Wczoraj Manchester City dorzucił nowe trofeum do swojej gabloty. W finale Klubowych Mistrzostw Świata pokonali gładko brazylijskie Fluminense 4:0. Niemniej, po meczu triumfatorów Ligi Mistrzów i Copa Libertadores nie mówi się tylko o wyniku, ale także o sprzeczce Felipe Melo z Kyle’em Walkerem. Powodem zajścia miał być Jack Grealish, który nie pokazywał rywalom należytego szacunku.

Jeśli nie śledzicie brazylijskiego futbolu, to oglądając wczorajszy finał Klubowych Mistrzostw Świata mogliście być w lekkim szoku widząc Felipe Melo. 40-letni już dziś zawodnik znany z gry dla takich ekip jak Juventus, Inter Mediolan czy Galatasaray jeszcze nie odwiesił butów na kołek i gra na środku obrony Fluminense, triumfatorów ostatniej edycji Copa Libertadores, czyli południowoamerykańskiej Lidze Mistrzów. I jak widać, były reprezentant Brazylii pomimo zaawansowanego jak na piłkarza wieku dalej jest krewki jak te kilkanaście lat temu.
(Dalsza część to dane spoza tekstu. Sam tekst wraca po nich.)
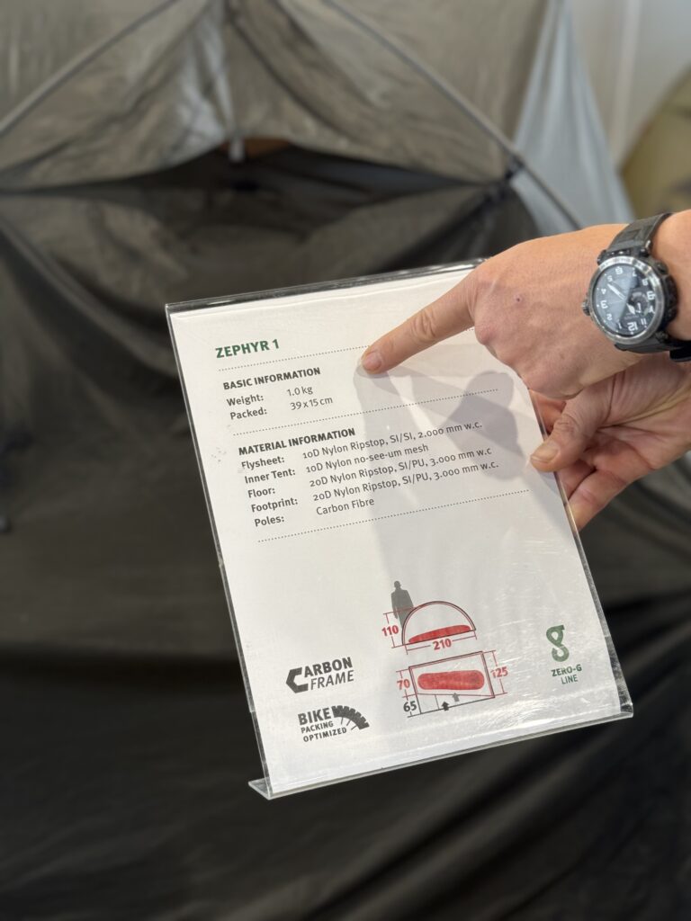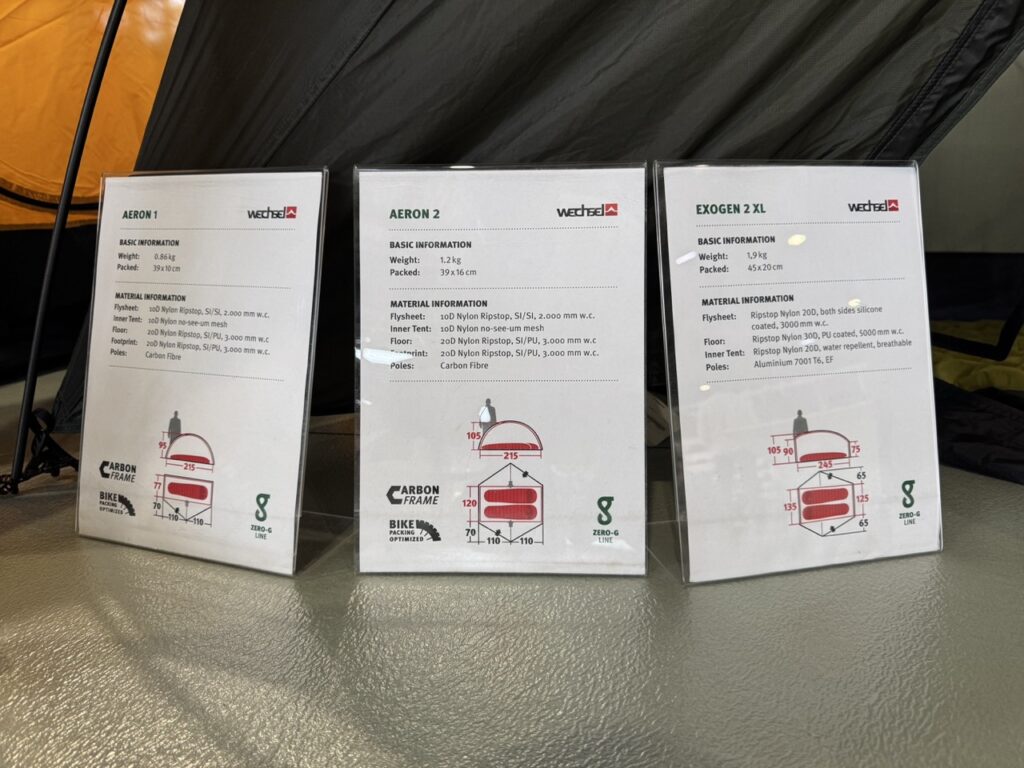 Pas mal de nouvelles tentes ultra-légères du côté de la marque allemande WECHSEL comme cette Zephyr 1 qui était présentée au salon Sport Achat Été 2026 de Grenoble et son poids qui a retenu notre attention. Seulement 1kg pour 210/125cm de longueur et largeur, avec une hauteur de 110cm. La vraie belle innovation proposée est le retour sur le marché des arceaux en fibre de carbone, le top pour voyager léger !
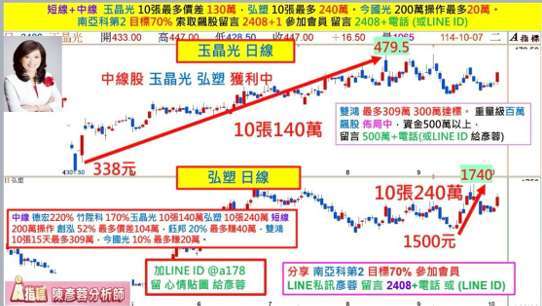 賀本欄預告 竹陞科 (6739-TW) ,德宏 (5475-TW),國精化 (4722-TW),金居 (8358-TW),南電 (8046-TW) 全部兩個月翻倍 100%。雙鴻 (3324-TW)15 天大漲 309 元! 東元 (1504-TW)1.5 個月翻倍 100%! 想要領先於 每天早上九點前 得知當天誰有機會長紅漲停? 1-2 個月後資金翻倍 100%,歡迎點下面連接 加 LINE 留言 777+1 可領先得到提醒。
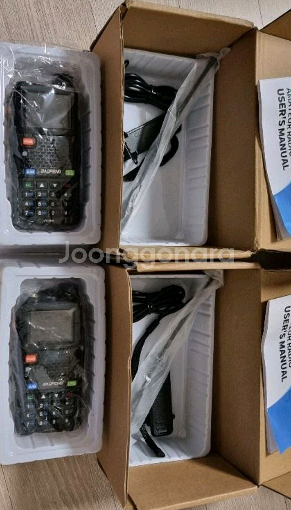개인정보(거래정보)를 주고받는 행위는 사기에 노출될 수 있으므로 즉시 중고나라로 신고해 주세요바오펭 UV-5RH 무전기 2대세트 입니다.미사용 새제품.장거리 안테나 2개추가원하시면 5천원 추가.택배5천원.
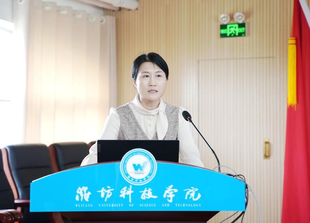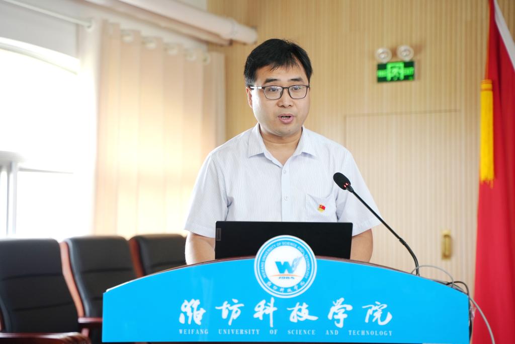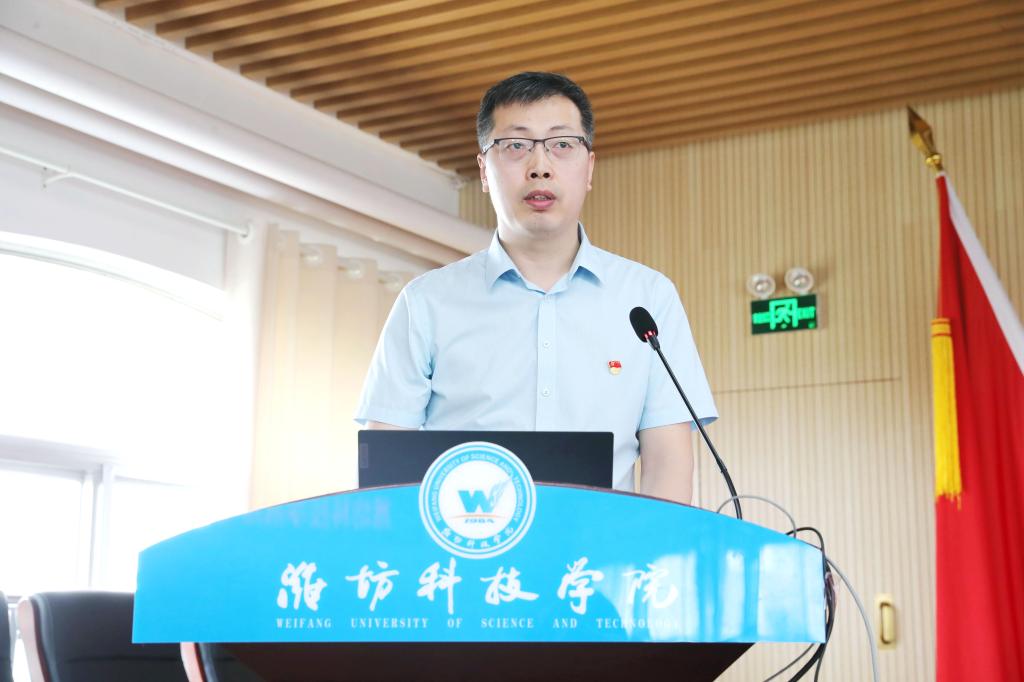 山东省教育厅(省委教育工委)学校组织处处长孙启高作了讲话。孙处长充分肯定了近年来学校的发展成效。他指出,潍坊科技学院坚持应用型特色名校的办学定位,以高质量的党建引领学校各项工作高质量发展,在人才培养、科学研究、文化传承、社会服务等各个方面都走出了一条特色发展的道路,取得了显著成绩。基层党组织打造的“党团共建 阳光护理”“党员博士企业行”“匠心智行 党建赋能”等一些列党建品牌为我省高校党建工作品牌化建设提供了很好的借鉴和参考。
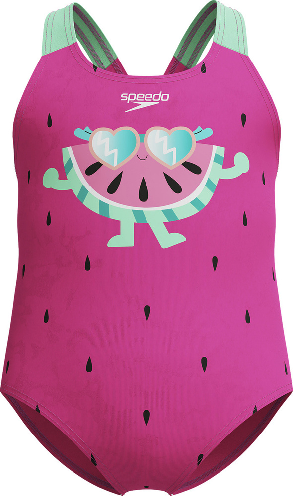 Uroczy, różowy strój kąpielowy ozdobiony słodkim motywem arbuza stworzony został z myślą o wakacyjnej zabawie.
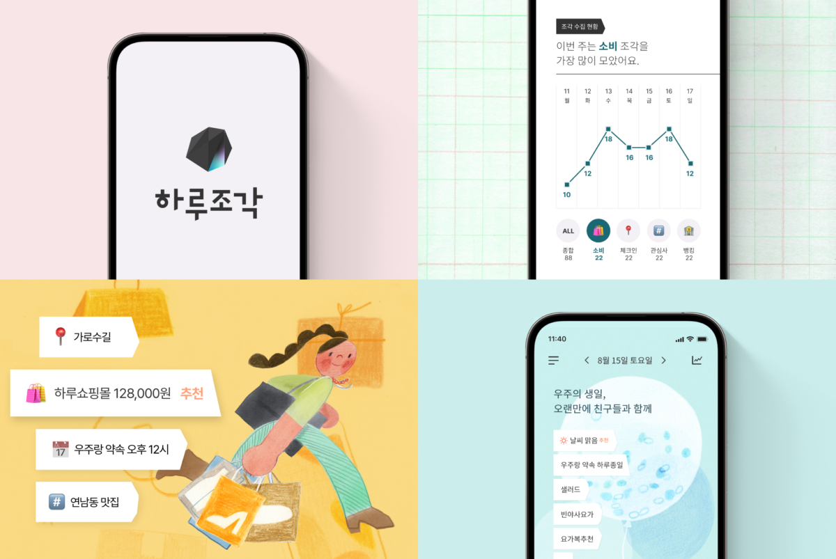 하루조각. 사용자의 일상 데이터를 ‘조각’으로 시각화하여 쉽게 기록하는 마이데이터 서비스. 다양한 데이터를 연동해 분석하고, 인사이트를 통해 더 나은 삶을 지원한다. 서비스 콘셉트부터 UX, 앱 디자인, 네이밍, 로고, 콘텐츠 디자인 등 서비스 전반을 기획 및 디자인했다.
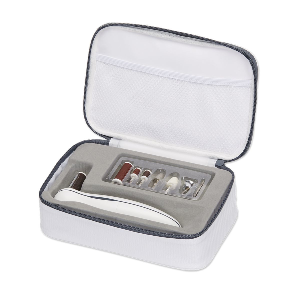 L’appareil possède 6 embouts interchangeables pour modeler, limer et lisser vos ongles, et pour réduire certaines callosités et éliminer les peaux mortes des pieds. Sa pochette de rangement facilite le rangement et vous permet de l’emporter n’importe où.
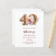 En modern, snyggt och glamorös inbjudan till en 40-årsdag. Vit bakgrund, dekorerad med en persika och lila vattenfärgad blomma. Namn är skrivet med ett modernt skript för färgaden ro guld i mörk, skrivet med stil. Anpassa och lägg till information om party. Nummer 40 skrivs med ett stil-skript med ballong. 1 lakan = 1 inbjudan tryckt kant till kant.
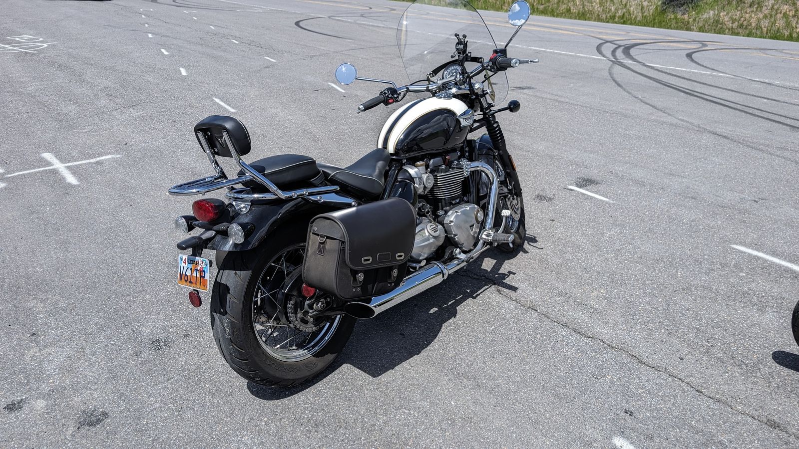 Zelle2018 Bonneville Speedmaster with upgraded seat, leather saddlebags, 4.3K miles.
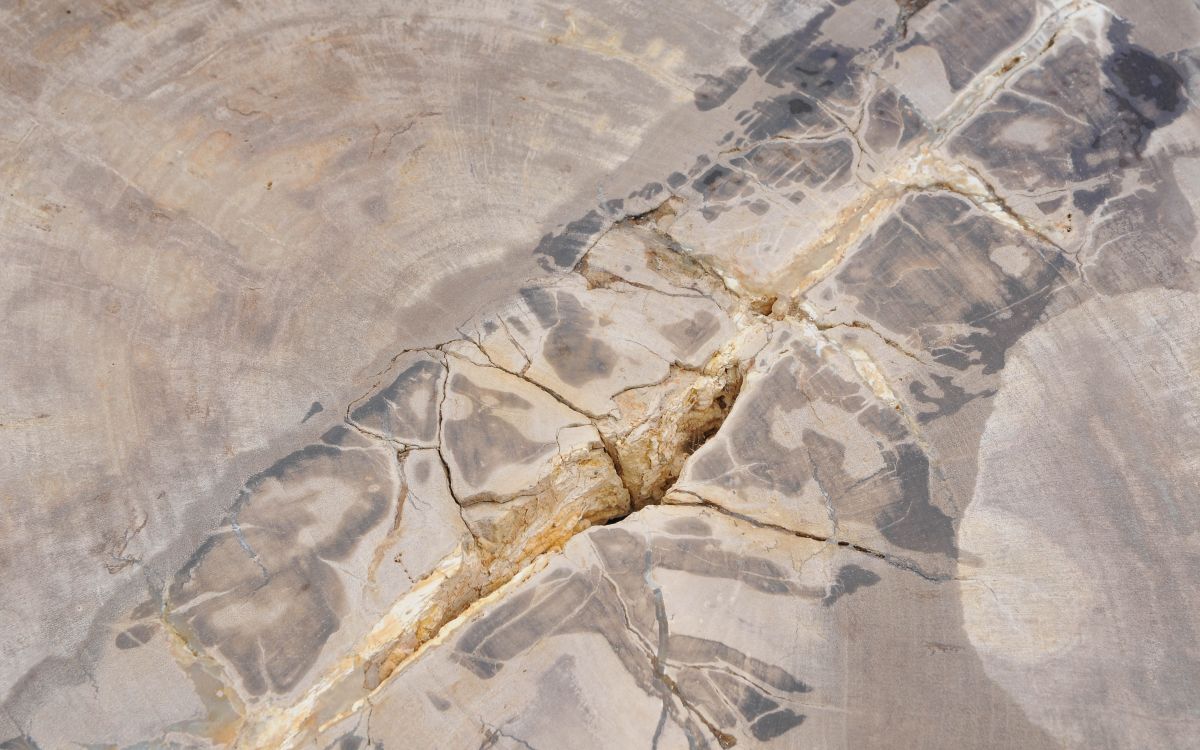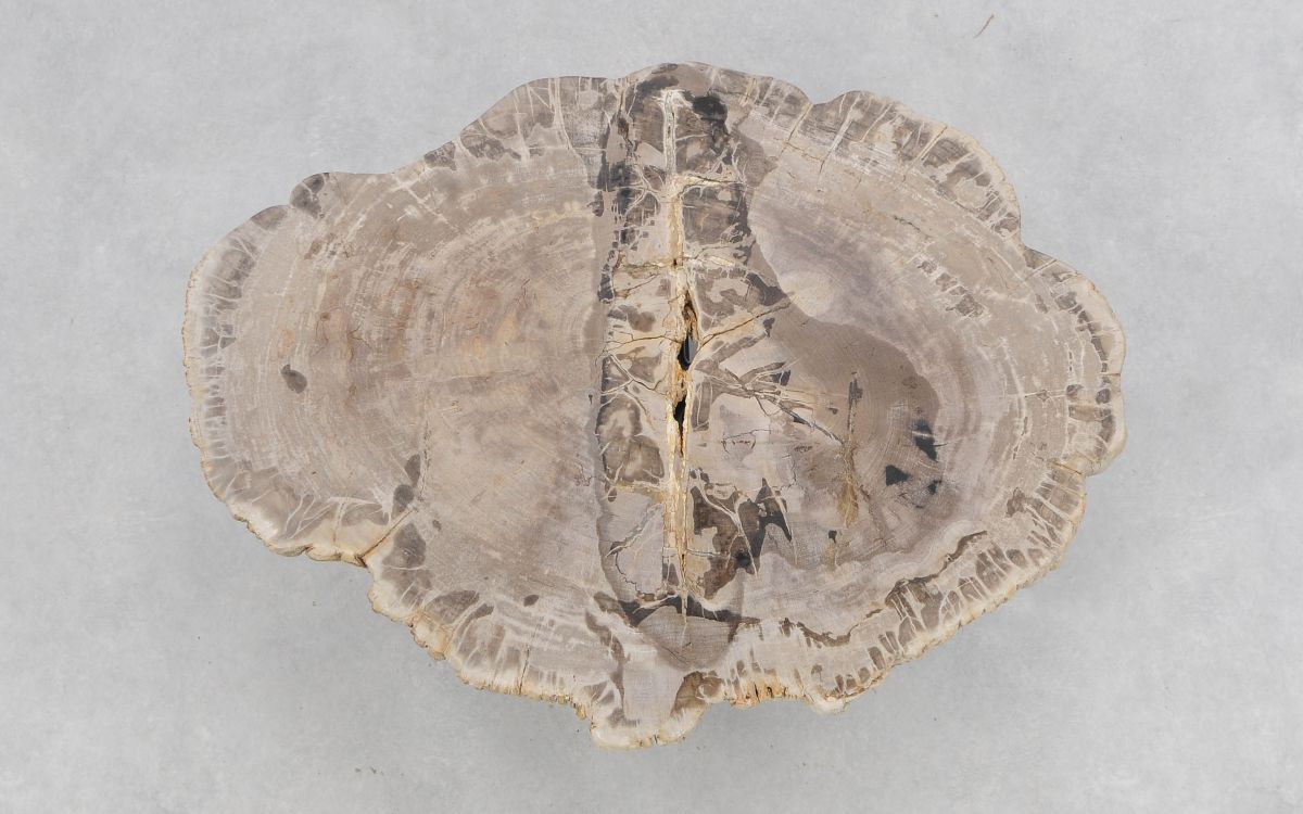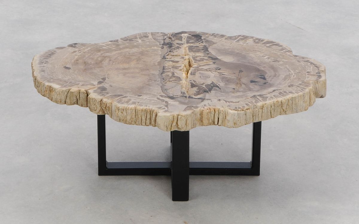 Deze unieke salontafel van versteend hout past in ieder interieur. Het tafelblad is gezaagd uit een grote versteende boom, die ongeveer 20 miljoen jaar geleden geleefd heeft. De kleuren zijn bepaald door de mineralen die het hout van deze boom vervangen hebben.

O co obrońcom poszło? Jak po meczu powiedział sam Felipe Melo – o brak szacunku do pokonanego rywala.

„Dzisiaj Grealish pokazał brak szacunku dla Fluminense, a ja na to nigdy nie pozwolę. Podczas gry krzyczał „olé”. To jest dla kibiców, oni mogą wołać „olé”, ale sportowiec na boisku nie powinien zachowywać się w ten sposób”mówił o zajściu Melo.

„Kiedy mecz się skończył, Grealish podszedł do Martinelliego. Wybrał kogoś mniejszego, bo nie miał jaj podejść do kogoś równego sobie. Kiedy obok niego przechodził, to widziałem, jak rozmawiali czoło w czoło, więc chciałem ich rozdzielić i odepchnąłem go. Z kolei Walker odepchnął mnie. Chciałem tylko bronić kolegę. Chciałem także bronić swój klub. Zawsze to będę robił. Nikt nie będzie atakować mój klub i jego sportowców. Nikt nie będzie przychodził poniżać moich przyjaciół i mój klub”dodał Brazylijczyk.

Grealish po meczu skomentował na swoim Twitterze opinie Felipe Melo o jego zachowaniu w trakcie meczu. Anglik ewidentnie nie wie, o co obrońcy Fluminense chodzi, bo jak sam napisał „ani razu nie powiedział żadnego olé”.